The LNPs disclosed herein may be triggered by various stimuli to release the loaded agent(s) encapsulated therein, which provides more targeted release of the loaded agents to result in increased efficacy and/or reduced adverse effects. Common stimuli include, without limitation, light (electromagnetic radiation), magnetic fields, temperature, ultrasound, pH, redox, or biochemical stimuli (e.g. enzymatic, and the like).
In one aspect, the LNPs or compositions disclosed herein are administered to a subject and the microenvironment of the target tissue (e.g. a tumour) triggers the release of the loaded agent(s), e.g. an anti-cancer agent, theranostic agent or tumour imaging agent.
In another aspect, the LNPs or compositions disclosed herein are administered to a subject and an external stimuli is administered (e.g. at a bodily target site) to release the loaded agent. A specific non-limiting example of external stimuli-triggered release is provided in Examples 6-8. For example, but without limitation, visible/infrared light can be used to trigger the release of agents of interest from gold or silver containing LNPs, radiofrequency radiation can be used to trigger release of agents of interest from gold containing LNPs, and magnetic fields can be used to trigger release of agents of interest from LNP containing iron oxide, cobalt or nickel, or an alloy of gold and any of the foregoing magnetic metals. In some embodiments, the inorganic particle comprises iron oxide and the external stimuli is a magnetic field. In some embodiments, the inorganic particle comprises gold and the external stimuli is an electromagnetic radiation (e.g. NIR or UV). In some embodiments, the inorganic particle comprises gold or silver and the external stimuli is irradiation from a light source or by a laser. In some embodiments, the inorganic particle is a metal nanoparticle (e.g. gold or silver), and the stimuli is irradiation (optionally using a laser) at a wavelength that is in resonance or out of resonance with a plasmonic peak of the metal nanoparticle. In some embodiments, the laser is a continuous wave or is pulsed. In some embodiments, the laser is pulsed with a pulsed width in microsecond, nanosecond, picosecond or femtosecond. In some embodiments, the irradiation is a femtosecond laser having a wavelength in resonance or out of resonance with the metal nanoparticle, wherein the metal nanoparticle is plasmonic.

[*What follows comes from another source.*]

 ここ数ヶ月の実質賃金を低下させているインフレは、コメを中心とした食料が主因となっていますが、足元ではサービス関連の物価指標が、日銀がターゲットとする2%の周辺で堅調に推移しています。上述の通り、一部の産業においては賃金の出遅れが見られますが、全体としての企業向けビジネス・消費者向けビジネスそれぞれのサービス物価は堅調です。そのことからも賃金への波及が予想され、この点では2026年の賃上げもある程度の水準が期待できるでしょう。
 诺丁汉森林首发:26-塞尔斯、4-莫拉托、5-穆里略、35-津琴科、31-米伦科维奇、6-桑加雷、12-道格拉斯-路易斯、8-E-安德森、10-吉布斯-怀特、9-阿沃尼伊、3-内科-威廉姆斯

A series of non-limiting embodiments are defined below.
The examples below are intended to illustrate the preparation of specific lipid nanoparticle preparations and properties thereof but are in no way intended to limit the scope of the invention.

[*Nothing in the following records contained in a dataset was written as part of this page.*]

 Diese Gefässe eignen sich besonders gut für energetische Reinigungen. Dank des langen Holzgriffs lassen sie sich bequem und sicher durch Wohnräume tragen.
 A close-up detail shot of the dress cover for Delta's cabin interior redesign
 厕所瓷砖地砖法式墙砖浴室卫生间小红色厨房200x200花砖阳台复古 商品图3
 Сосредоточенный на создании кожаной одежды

The lipids (1,2-distearoyl-sn-glycero-3-phosphocholine (DSPC), 1,2-distearoyl-sn-glycero-3-phosphoethanolamine-N-[methoxy-(polyethylene glycol)-2000](PEG-DSPE), and the ionizable cationic lipid 1,2-dioleoyl-3-dimethylammonium-propane (DODAP)) were purchased from Avanti Polar Lipids (Alabaster, AL). Cholesterol (Chol), sodium acetate, ammonium sulfate (AS) and doxorubicin hydrochloride were obtained from Sigma-Aldrich Canada Ltd. (Oakville, Ontario, Canada). Phosphate buffered saline was from GIBCO (Carlsbad, CA). Dialysis membranes (molecular weight cutoff 12000-14000 Da) were from Spectrum Laboratories, Rancho Dominguez, CA). Amicon Ultracel centrifugal units (10 kDa MWCO) were from Millipore (Billercia, MA). Tannic acid stabilized negatively charged monodispersed spherical gold nanoparticles (5 nm diameter, particle concentration 5.5×1013 particles/ml) were provided by Ted Pella, Inc. (Redding, CA, USA) in the form of aqueous dispersions. The anion exchange spin columns (Vivapure D Mini H) were obtained from Sartorius Stedim Biotech, Aubagne, France. The QuantiFluo™ fluorimetric ammonia assay kit was obtained from BioAssay Systems (Hayward, CA). The Cholesterol E Total Cholesterol assay kit was provided by Wako Diagnostics (Richmond, VA).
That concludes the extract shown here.